If the lease is too strict on deductions, an operator may just decide to sell all the gas to a “wellhead” purchaser rather than paying your share of the costs needed to get your share to a better buyer downstream. The wellhead purchaser will offer your lessee (and thus you) less than the buyer downstream is paying since it will cost the wellhead purchaser money to transport the gas to that purchaser. I therefore usually allow deductions if (and only if) doing so results in me getting a higher price (even after deductions) than I would have received if my lessee sold to a wellhead purchaser.
I feel this “allowance” benefits both myself and my lessee as it means we both are sharing in the costs of obtaining a better market that results in a better net price (price after deductions) than could be had by selling to someone closer to or at the wellhead.

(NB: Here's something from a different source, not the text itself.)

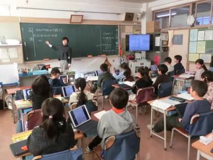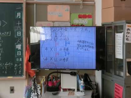 2年生ではかけ算九九のきまりの学習をしています。気づいたことを記入したノートをみんなで共有しています。自分でノートにまとめることのできる力、とても大切ですね。

It seems fair to me to offer to help pay to move my share of the gas to a better market location if one is available. “Moving” the gas might mean buying space on a wellhead purchaser’s line (while not actually selling to them) and transporting it using that line to another purchaser’s pipeline further “down the road” who is offering a better net price.
Gas marketing is complicated because there are so many variables, including some that are beyond the scope of this article such as how royalty is calculated on heavier gasses (ethane, butane etc.) that are removed (by processing) from the wellhead gas stream. There is lots of room for mischief by oil companies, especially vertically-integrated companies who may sell to their affiliated purchasers or processors and base your royalty payment on that sale, rather than the sale from their affiliate to a true arms-length purchaser.
Because we, as royalty owners, aren’t usually privy to the gas sales contracts used and thus can’t always verify whether we are being paid correctly, I usually add language relating to affiliate sales in my no-deductions clauses.
Many companies are as transparent as they can be however, and their often overworked staffs at least make an attempt to explain to their lessors exactly how royalty is calculated. With these companies I feel less of a need to insert a lot of strict clauses into my leases.